Hi, DevOps fans
It is often required to perform some cyclic tasks at the database with cleaning different garbage, e.g removing old records at database. There are several options how can we do it AWS cloud:
- Running ECS scheduled tasks
- Running scheduled lambda functions
- Running own scripts using dockerized application and cron at EC2
Though all of those methods definitely generate additional costs. There is also another option that is rarely used, but worth, as for me, of our attention. It is adding scheduled events at the database by itself. In the current current article I would like to show you how we can add such an scheduled event at AWS RDS using terraform. Current approach will often allow to reduce AWS costs in comparison to solutions mentioned above.
In most cases AWS RDS instances are deployed at private networks, which is definitely a good idea from security reasons. But it also creates an obstacle – as it is not so easy to get to DB from the terraform side. As result, there is no option to simply run some SQL statements, e.g using some local executor and DB credentials. But still, there is rather good option how it can be done.
I will use for that purpose lambda function, that would be deployed at the same VPC as an RDS instance. Current lambda would be created and invoked as a terraform module instantly after RDS terraform module will create according instance. For the current learning example we will assume that:
- our RDS instance would be using MariaDB engine
- we are having some “test” db, where we would like to clean some “logs” table regularly – e..g we want to remove all records older then 60 days
Ok, lets skip to realization.
Here is how physical files structure looks like:
Lets start from data.tf:
data "aws_iam_policy_document" "lambda" {
version = "2012-10-17"
statement {
sid = "LambdaAssumeRole"
effect = "Allow"
actions = ["sts:AssumeRole"]
principals {
identifiers = ["lambda.amazonaws.com"]
type = "Service"
}
}
}
data "archive_file" "db_query_executor_handler_zip_file" {
output_path = "${path.module}/lambda_zip/db-query-executor.zip"

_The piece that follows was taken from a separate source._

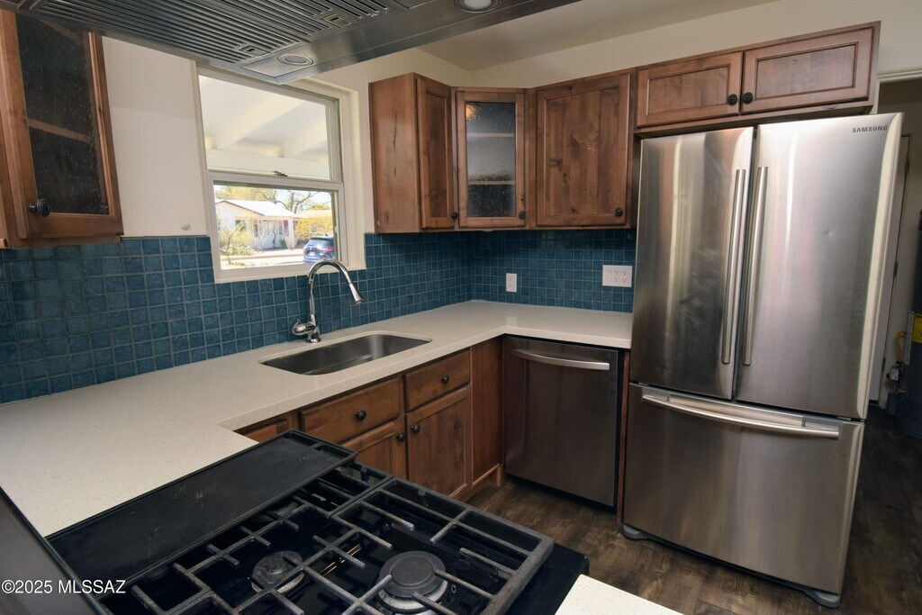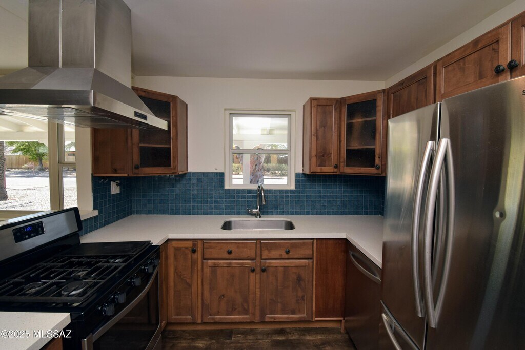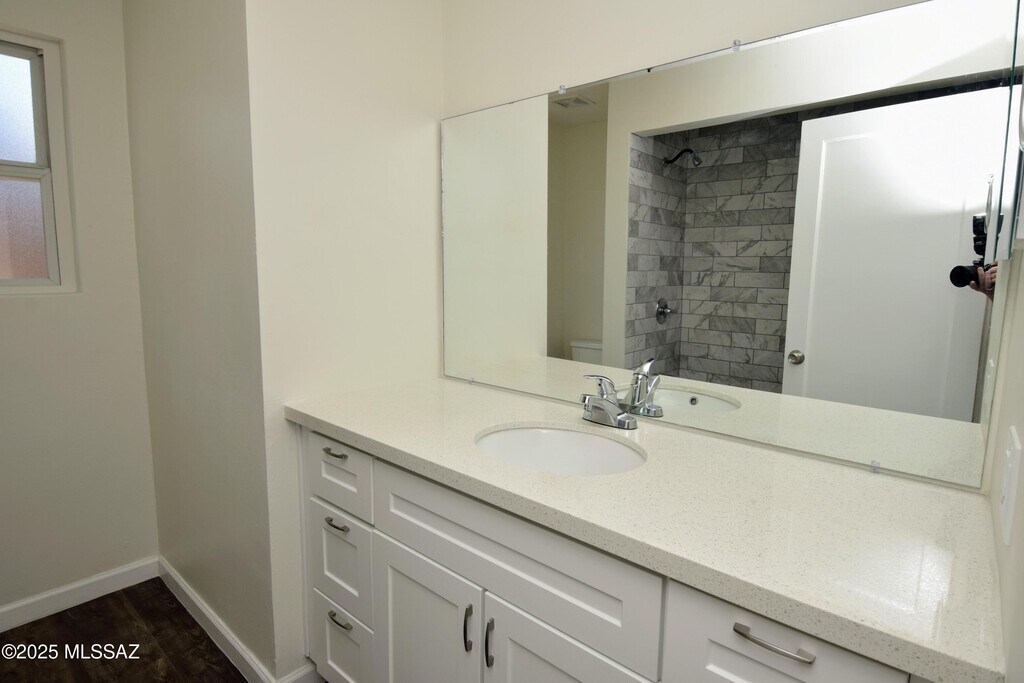 Experience contemporary living in this beautifully renovated 3-bedroom, 2-bath home in central Tucson. Every inch of this residence has been upgraded with all-new flooring, paint, fixtures, windows, bathrooms, and kitchen for a fresh, move-in-ready feel. Property Highlights LPV flooring throughout for durability and style Stunning kitchen with walnut cabinets, stainless steel appliances, 5-burner gas stove, aqua tile backsplash, and quartz countertops Both bathrooms fully remodeled with modern fixtures, vanities, marble surrounds, and quartz counters Spacious flex space featuring a tongue and groove vaulted ceiling-perfect for a home office, studio, or lounge Ceiling fans in every room and Central A/C & heat Full-size washer and dryer included

source_dir = "${path.module}/handlers"
excludes = ["__init__.py", "*.pyc"]
type = "zip"
}
data "template_file" "lambda_ssm_access" {
template = file("${path.module}/policies/lambdaSsmAccess.json")
vars = {
account_id = var.account_id
project = var.project
region = var.region
env = var.env
}
}
Here we define lambda assume policy, archive file resource to zip our lambda function, and finally there is an policy, that allows lambda to take DB credentials from SSM. Here is how it looks:
{
"Version": "2012-10-17",
"Statement": [
{
"Sid": "VisualEditor0",
"Effect": "Allow",
"Action": [
"ssm:GetParameters",
"ssm:GetParameter",
"ssm:GetParametersByPath",
"secretsmanager:GetSecretValue"
],
"Resource": [
"arn:aws:ssm:${region}:${account_id}:parameter/${project}/${env}/rds/*"
]
},
{
"Sid": "VisualEditor1",
"Effect": "Allow",
"Action": [
"ssm:DescribeParameters",
"kms:Decrypt"
],
"Resource": "*"
}
]
}
Of, course, you will probably need to adjust Resources section according to your demands. At layers folder python mysql library is placed. And here is layers.tf file’s content:
resource "aws_lambda_layer_version" "db_query_executor_pymysql" {
filename = "${path.module}/layers/db-query-executor-pymysql.zip"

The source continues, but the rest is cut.